=== WHAT YOU SHOULD DO ===
Everything in the listing below must be reproduced exactly, apart from its images.

=== DATA ===

= Beginning of Section =

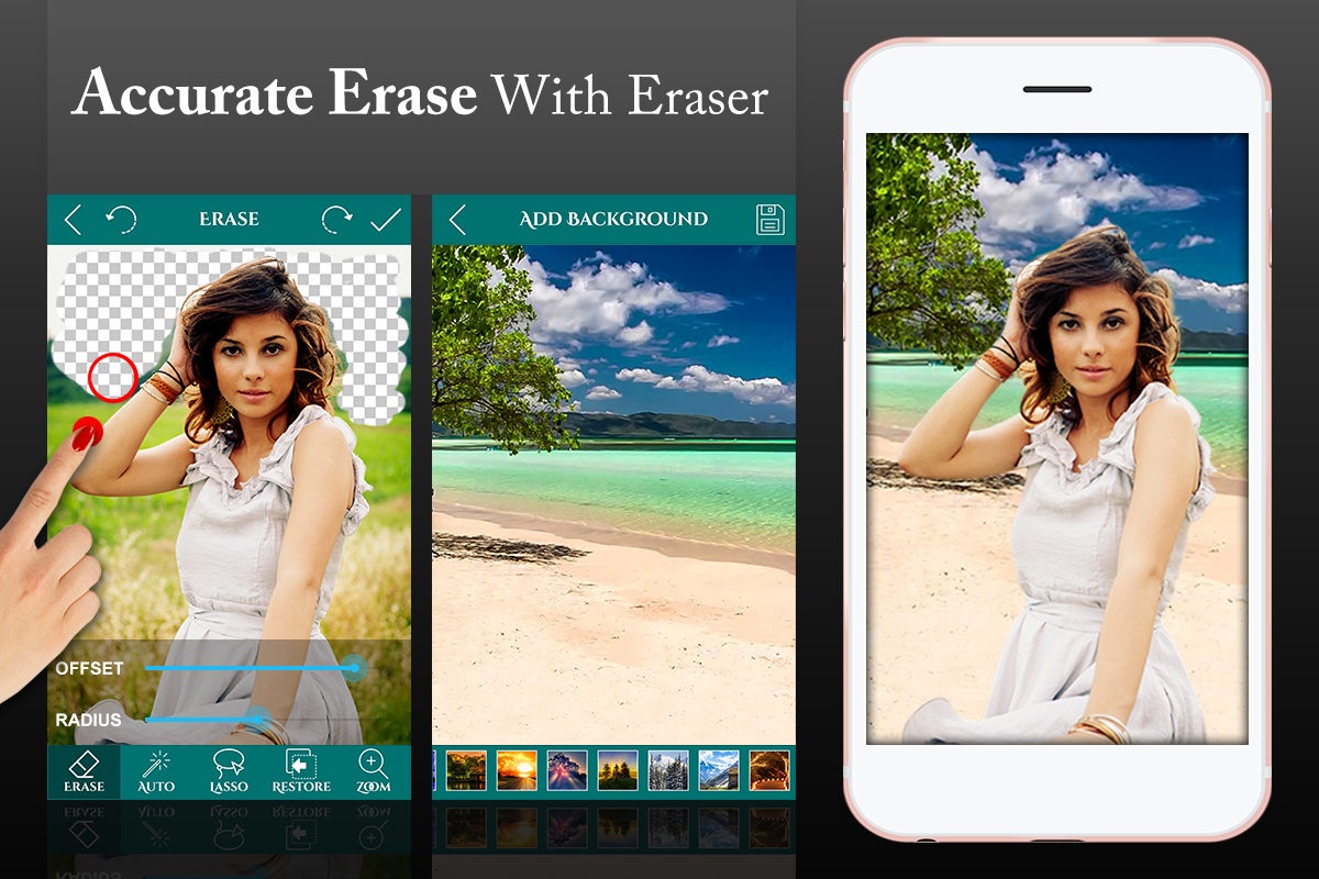 Eraser Background Ultimate menyediakan cara yang cepat dan mudah untuk menukar gambar latar belakang. Hanya sentuh kawasan yang anda mahu untuk memadam dan alat auto pemadam akan melakukan yang lain kerja untuk anda. Anda juga boleh memadam gambar latar belakang anda secara manual dengan sentuhan jari atau dengan Lasso (Cutting Image) alat.
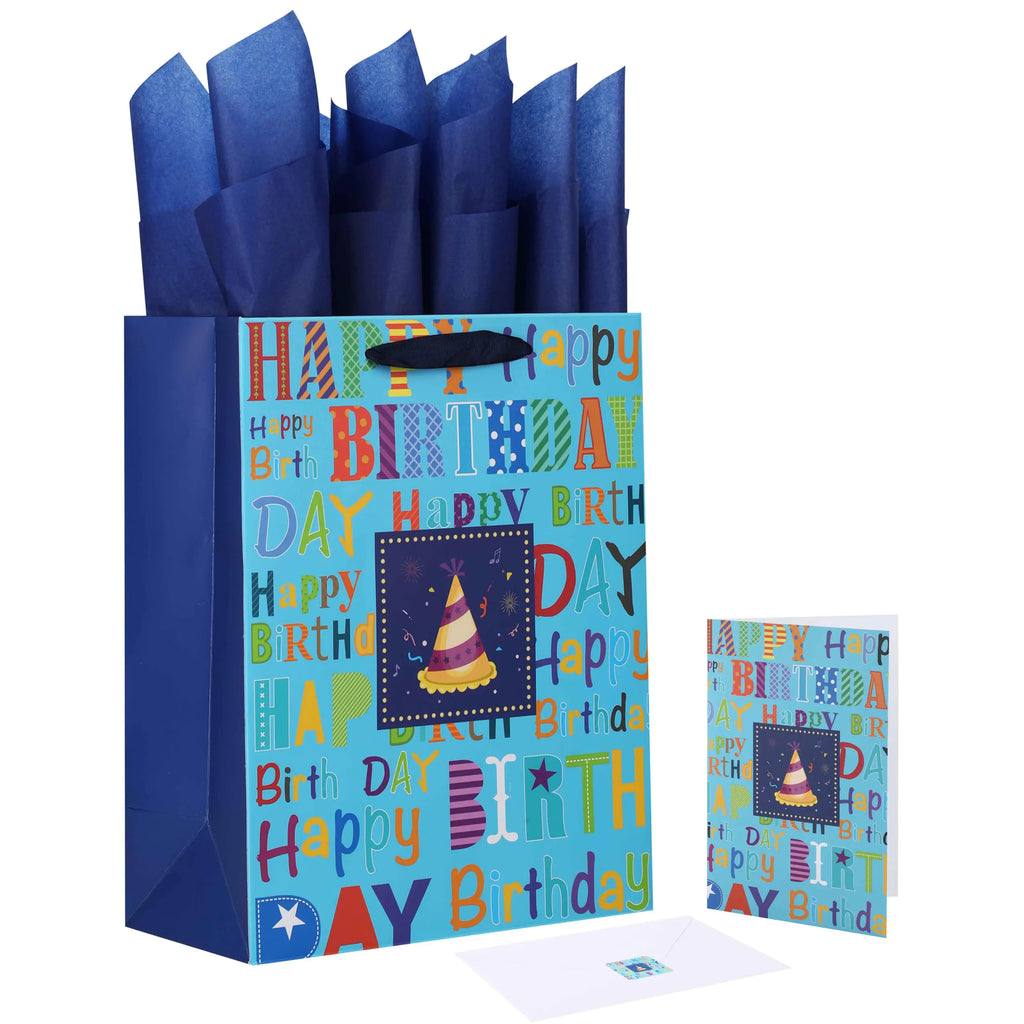 13" Large Blue Gift Bag Set with Greeting Card & Tissue Paper
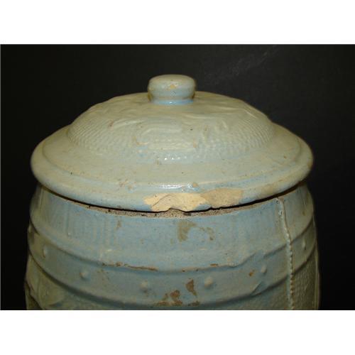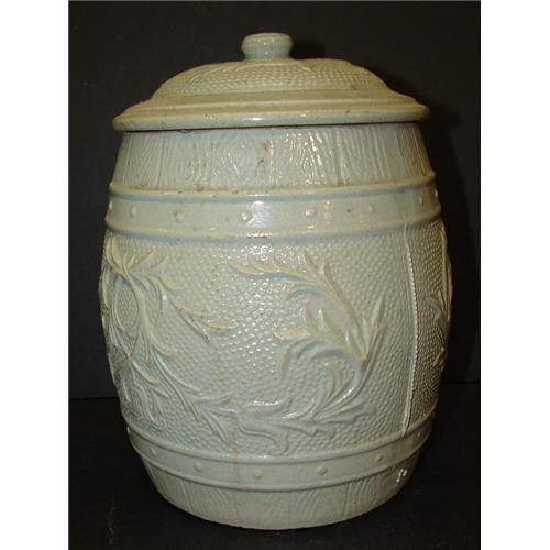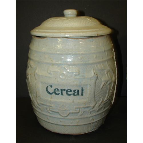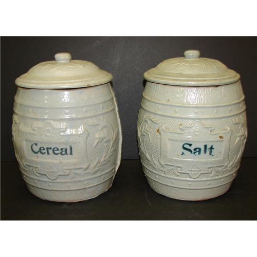 PAIR OF BLUISH GRAY SALT GLAZED CANISTERS WITH LIDS. Relief barrel form with floral and leaf design. Canisters are marked Salt and Cereal. Cereal canister shows tight vertical hairline crack at top of body and lid shows one large chip and one small chip at edge. 8.5” H

= End of Section =

=== RESPONSE TO THE TASK ===
 Eraser Background Ultimate menyediakan cara yang cepat dan mudah untuk menukar gambar latar belakang. Hanya sentuh kawasan yang anda mahu untuk memadam dan alat auto pemadam akan melakukan yang lain kerja untuk anda. Anda juga boleh memadam gambar latar belakang anda secara manual dengan sentuhan jari atau dengan Lasso (Cutting Image) alat.
 13" Large Blue Gift Bag Set with Greeting Card & Tissue Paper
 PAIR OF BLUISH GRAY SALT GLAZED CANISTERS WITH LIDS. Relief barrel form with floral and leaf design. Canisters are marked Salt and Cereal. Cereal canister shows tight vertical hairline crack at top of body and lid shows one large chip and one small chip at edge. 8.5” H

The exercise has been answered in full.